Tutorial

Introduction

Bugs Everywhere (BE) is a bugtracker built on distributed revision control. The idea is to package the bug information with the source code, so that developers working on the code can make appropriate changes to the bug repository as they go. For example, by marking a bug as “fixed” and applying the fixing changes in the same commit. This makes it easy to see what’s been going on in a particular branch and helps keep the bug repository in sync with the code.

However, there are some differences compared to centralized bugtrackers. Because bugs and comments can be created by several users in parallel, they have globally unique IDs rather than numbers. There is also a developer-friendly command-line interface to compliment the user-friendly web and email interfaces. This tutorial will focus on the command-line interface as the most powerful, and leave the web and email interfaces to other documents.

Installation

If your distribution packages BE, it will be easiest to use their package. For example, most Debian-based distributions support:

$ apt-get install bugs-everywhere

See the install page for more information and alternative methods.

Bugs

If you have any problems with BE, you can look for matching bugs:

$ be --repo http://bugs.bugseverywhere.org/ list

If your bug isn’t listed, please open a new bug:

$ be --repo http://bugs.bugseverywhere.org/ new 'bug'
Created bug with ID bea/abc
$ be --repo http://bugs.bugseverywhere.org/ comment bea/def
<editor spawned for comments>

Command-line interface

Help

All of the following information elaborates on the command help text, which is stored in the code itself, and therefore more likely to be up to date.
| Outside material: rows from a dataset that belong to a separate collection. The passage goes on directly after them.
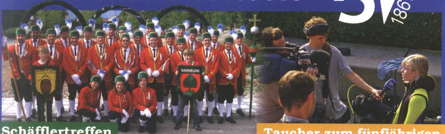
Schäfflertreffen in Murnau
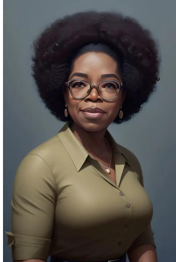
اپرا وینفری (تهیه‌کننده هنرپیشه)
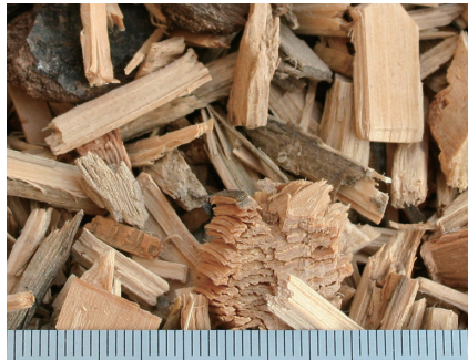
木チップ スクリーン40mm
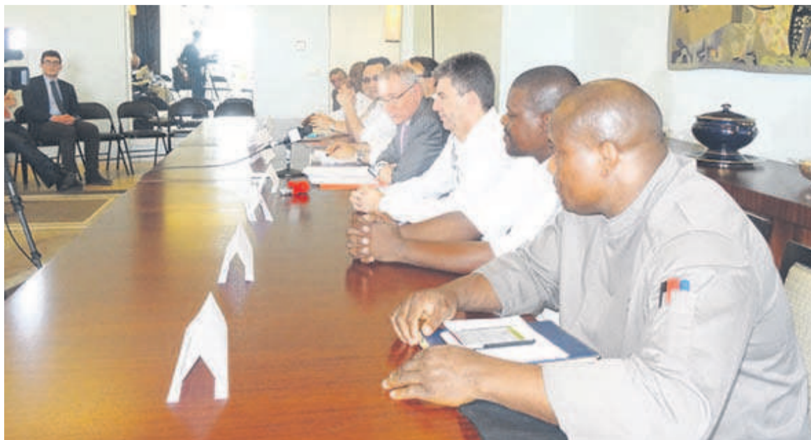
L'ambassadeur de France au Congo, encadré par les responsables des différents restaurants de la place.

Chaque chef proposera un menu à la française dans son restaurant tout en restant libre de mettre en avant ses propres traditions et pratiques culinaires. Dans
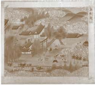
「京名所」京都産業大学図書館蔵
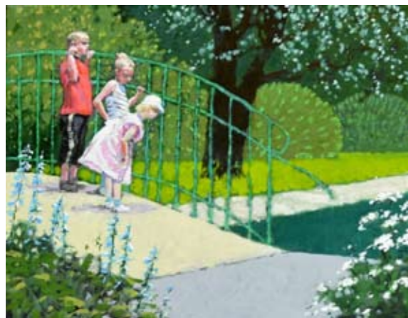
1. Mostek na Plantach
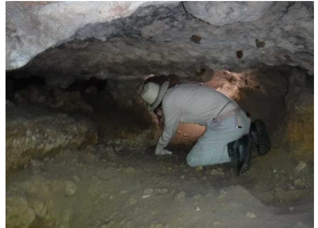
遺骨収容（マリアナ諸島）
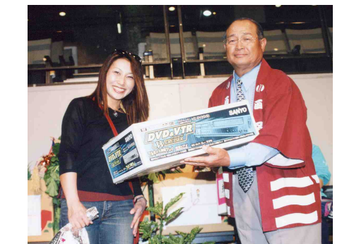
様々な催し物が盛り沢山

また、西区内の児童館による「こどもまつり」も併催されました。会場内では、様々な催し物があり、どこも大変な賑わいでした。最後にお楽しみ抽選会があり、祭りは今年も大盛況のうちに終了しました。前日から準備をしていただいた実行委員会、まつり委員会の皆さん、本当にご苦労様でした。

You can get a list of commands and topics with:

$ be help

Or see specific help on COMMAND with

$ be help COMMAND

for example:

$ be help init

will give help on the init command.

Initialization

You’re happily coding in your Arch / Bazaar / Darcs / Git / Mercurial / Monotone versioned project and you discover a bug. You think, “Hmm, I’ll need a simple way to track these things”. This is where BE comes in. One of the benefits of distributed versioning systems is the ease of repository creation, and BE follows this trend. Just type:

$ be init
Using <VCS> for revision control.
BE repository initialized.

in your project’s root directory. This will create a .be directory containing the bug repository and notify your VCS so it will be versioned starting with your next commit. See:

$ be help init

for specific details about where the .be directory will end up if you call it from a directory besides your project’s root.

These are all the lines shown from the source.